- [Data]
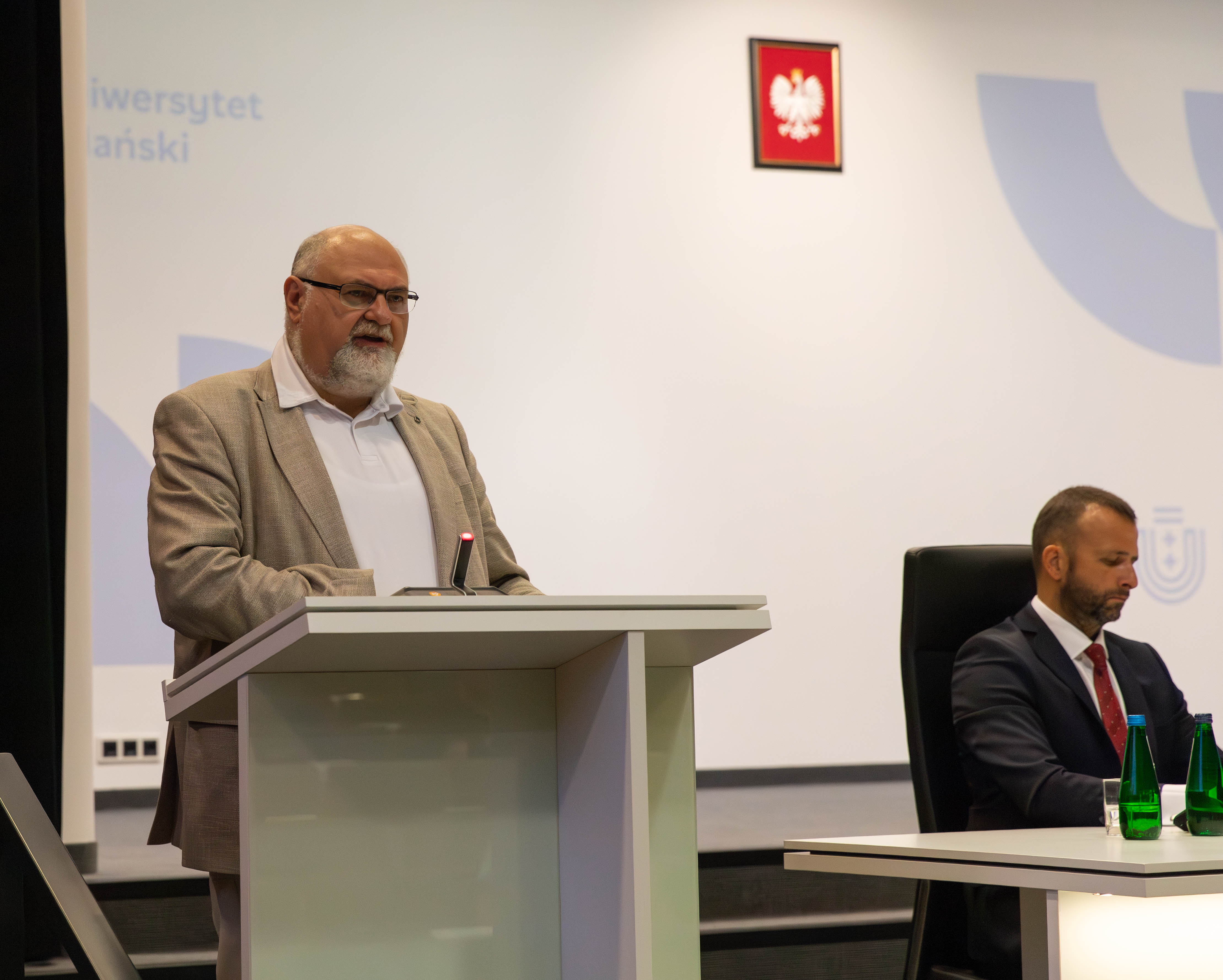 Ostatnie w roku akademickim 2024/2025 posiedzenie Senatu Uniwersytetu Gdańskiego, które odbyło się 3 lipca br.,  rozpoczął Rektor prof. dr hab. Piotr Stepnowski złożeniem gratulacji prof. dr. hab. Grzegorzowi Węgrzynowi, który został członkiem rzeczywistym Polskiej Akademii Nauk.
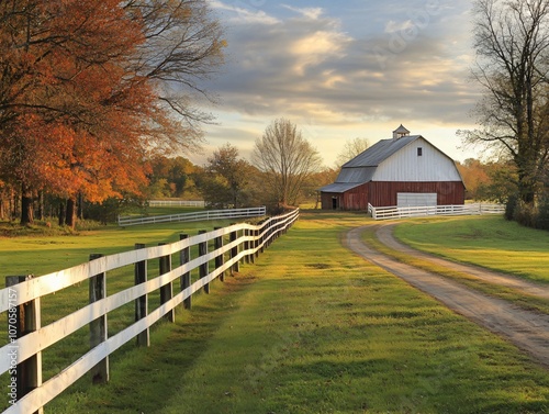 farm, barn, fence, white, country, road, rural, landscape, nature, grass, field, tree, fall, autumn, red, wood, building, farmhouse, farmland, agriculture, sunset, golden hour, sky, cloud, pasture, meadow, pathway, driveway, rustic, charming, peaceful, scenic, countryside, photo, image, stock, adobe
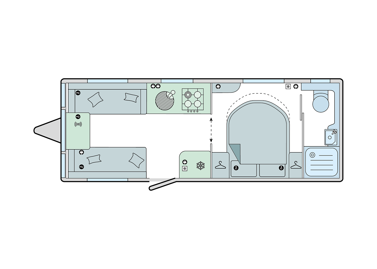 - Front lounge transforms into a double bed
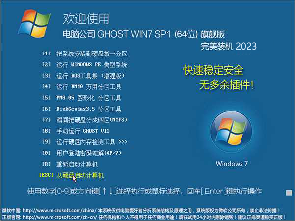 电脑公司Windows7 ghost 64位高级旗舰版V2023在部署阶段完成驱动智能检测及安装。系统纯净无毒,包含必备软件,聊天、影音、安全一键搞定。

- [What is required] Could the listing above be printed again in full, with every picture omitted?

- [Exercise answer]
 Ostatnie w roku akademickim 2024/2025 posiedzenie Senatu Uniwersytetu Gdańskiego, które odbyło się 3 lipca br.,  rozpoczął Rektor prof. dr hab. Piotr Stepnowski złożeniem gratulacji prof. dr. hab. Grzegorzowi Węgrzynowi, który został członkiem rzeczywistym Polskiej Akademii Nauk.
 farm, barn, fence, white, country, road, rural, landscape, nature, grass, field, tree, fall, autumn, red, wood, building, farmhouse, farmland, agriculture, sunset, golden hour, sky, cloud, pasture, meadow, pathway, driveway, rustic, charming, peaceful, scenic, countryside, photo, image, stock, adobe
 - Front lounge transforms into a double bed
 电脑公司Windows7 ghost 64位高级旗舰版V2023在部署阶段完成驱动智能检测及安装。系统纯净无毒,包含必备软件,聊天、影音、安全一键搞定。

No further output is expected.